Pendimethalin applied preemergence to the soil surface at rates of 3.3 to 4.5 kg/ha has provided good itchgrass control with no adverse effect on sugarcane yield (5). Weed control with pendimethalin was most effective when rainfall of at least 1.25 cm was received within 10 days after treatment. In other studies, itchgrass control was at least 80% with pendimethalin at 3.4 kg/ha and prodiamine at 2.2 to 3.4 kg/ha (7). Fomesafen at 0.6 kg/ha and clomazone at 2.2 kg/ha gave 60 to 75% control. Soil-incorporated treatments of terbacil, at 3.6 kg/ha and trifluralin at 2.2 kg/ha provided about 60 days of itchgrass control (3). Trifluralin at 2.2 kg/ha followed by asulam at 3.7 kg/ha controlled 94% of itchgrass and was more consistent than either treatment applied alone (6).

Since growers are concerned about potential sugarcane yield reductions associated with the incorporation of trifluralin, soil-surface applications of herbicides currently registered in sugarcane along with others presently registered or near registration in other crops were evaluated for itchgrass control and sugarcane injury under similar conditions at several locations in the sugarcane growing regions of Louisiana.

MATERIALS AND METHODS Trifluralin Comparison Studies

Studies were conducted at Rougon and Thibodaux, LA in 1988 and at Maringouin and Thibodaux, LA in 1989. The Rougon and Maringouin sites were located in the northern sugarcane growing region of Louisiana whereas the Thibodaux site was located in the southern growing area.

The sugarcane cultivar 'CP 70-321' (plant cane) was present at Rougon in 1988, 'CP 70-321' (second stubble) was present at Thibodaux in 1988 and 1989, and 'CP 76-331' was present at Maringouin in 1989. Natural itchgrass infestations occurred at each location.

Treatments consisted of soil-incorporated trifluralin at 2.2 kg/ha and pendimethalin at 2.2 and 3.3 kg/ha, fomesafen at 0.84 kg/ha, and clomazone at 1.1 and 1.7 kg/ha applied directly to the soil surface. Plots to be treated with trifluralin were shaved (2.2 to 5 cm of soil removed) prior to application. Trifluralin was applied to a 90-cm band on top of the sugarcane bed and incorporated immediately after treatment with two passes of a rolling cultivator. Soil-surface treatments were applied as a 90-cm band over-the-top of the sugarcane. In 1988, herbicides were applied on April 20 at Rougon and on March 22 at Thibodaux, and in 1989 on March 15 at Maringouin and on March 14 at Thibodaux. At all locations sufficient rainfall to activate herbicides was received within 10 days after application. At the time of application, sugarcane was 64 to 76 cm, 10 to 15 cm, and 8 to 10 cm in height at Rougon, Maringouin, and Thibodaux (1989), respectively. Green cane growth was not present when herbicides were applied at the Thibodaux site in 1988 due to top-kill of emerged cane by frost. Itchgrass was not present at any of the sites when the herbicides were applied.
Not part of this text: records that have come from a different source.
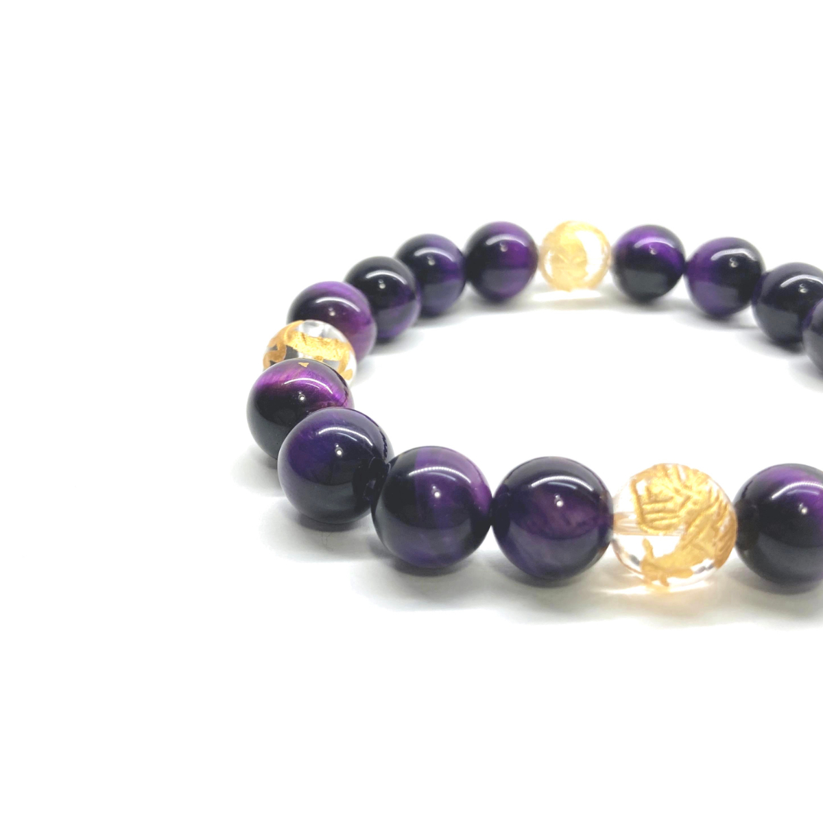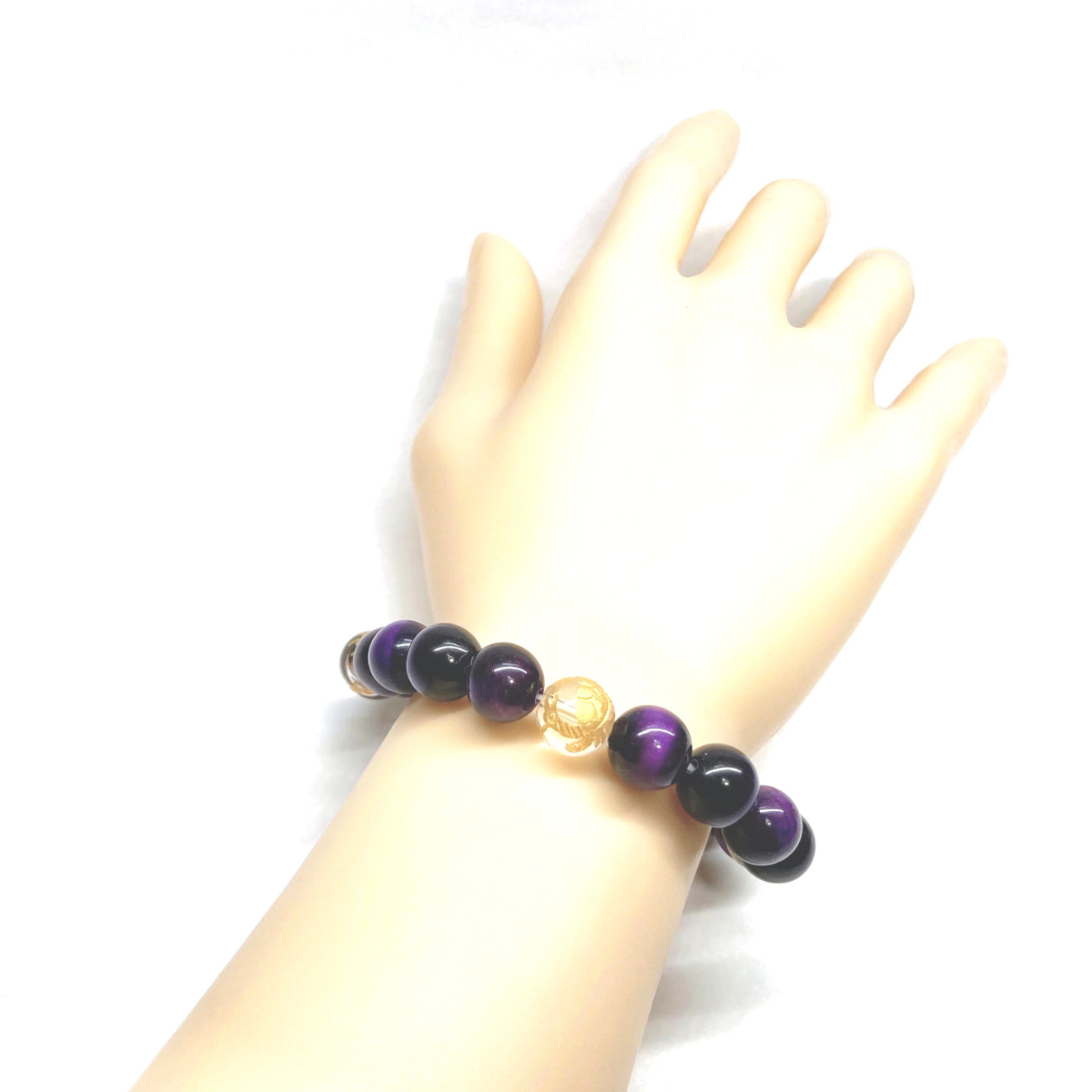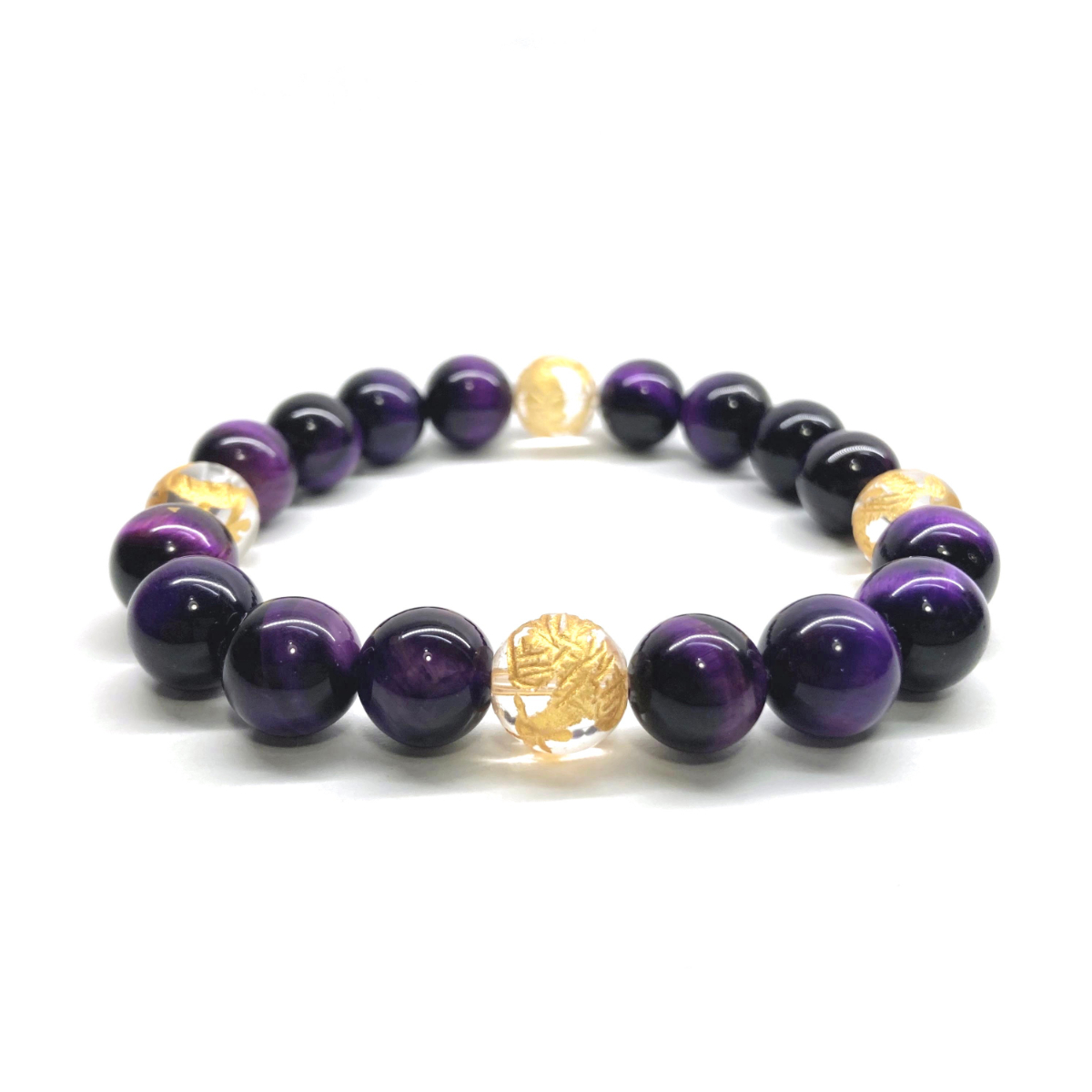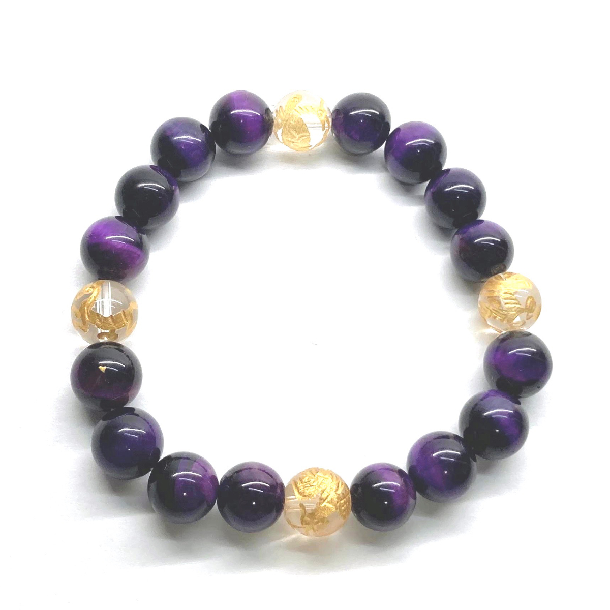 10mm 四神獣金彫水晶×パープルタイガーアイ パワーストーン ブレスレット天然石 運気上昇 開運 金運 青龍 白虎 玄武 朱雀 ☆
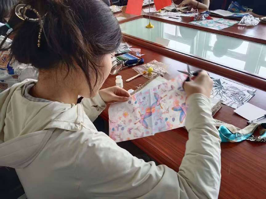 母亲节特别活动“拼贴时光,母爱'袋'回家”将艺术治疗理念融入心理育人实践。20余名学生通过裁剪、拼贴、装饰等工序,将帆布包改造为独具匠心的母亲节礼物。活动现场,学生们还书写了祝福明信片,用创意与仪式感传递对母亲的深切爱意。
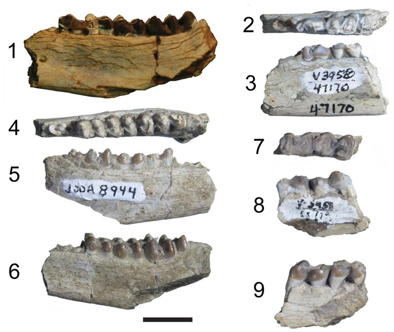 FIGURE 32. Partial left dentary with p4-m3 (UWBM 29151) (1), partial right dentary with p4 and m1 (UCMP 47170) (2, 3), partial left dentary with m1-m3 (JODA 8944) (4-6), and partial right dentary with m1 and m2 (UCMP 47165) (7-9) of Hypertragulus. Specimens shown in occlusal (2, 4, 7), buccal (3, 5, 8), lingual (1, 6, 9) views. Scale bar equals 1 cm.
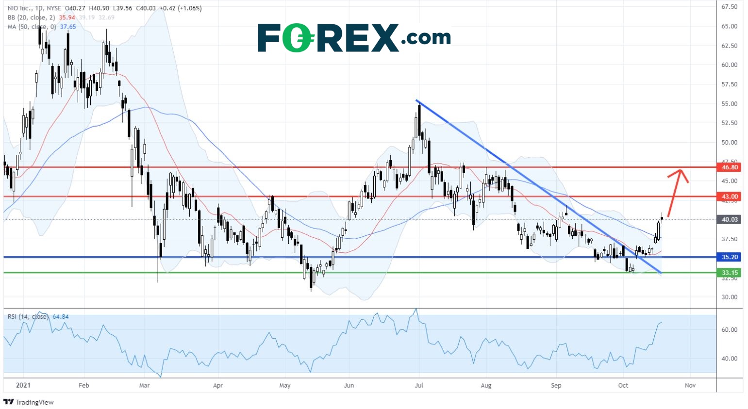 蔚来汽车 (NIO.US) : 升破下降线,上望40.80美元
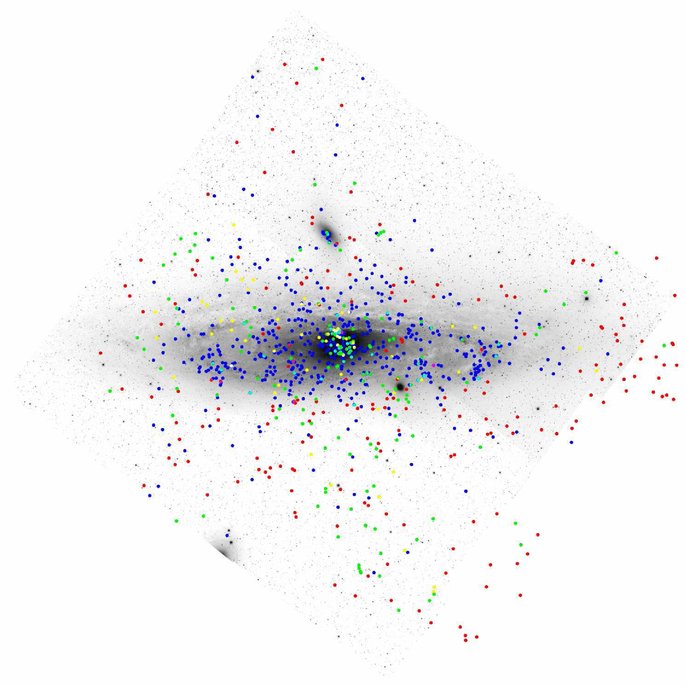 Locations of the spectra taken with Hectospec of M31 cluster candidates. Confirmed clusters, stars, possible stars, and background galaxies are shown in blue, green, yellow, and red, respectively.
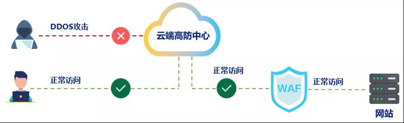 本地WAF與云端抗DDoS高防中心進行聯(lián)動,當出現(xiàn)大規(guī)模DDoS攻擊時,實現(xiàn)一鍵聯(lián)動防護,可提供1T的云端抗DDoS能力。

Visual itchgrass control and sugarcane injury were rated just prior to the layby cultivation in mid-May.

A randomized complete block experimental design with 4 replications in 1988 and 5 replications in 1989 was used. Data were subjected to analysis of variance for individual locations.

Differences among treatment means were determined using Fisher-protected Least Significant Difference (LSD) tests at the 5% level of probability.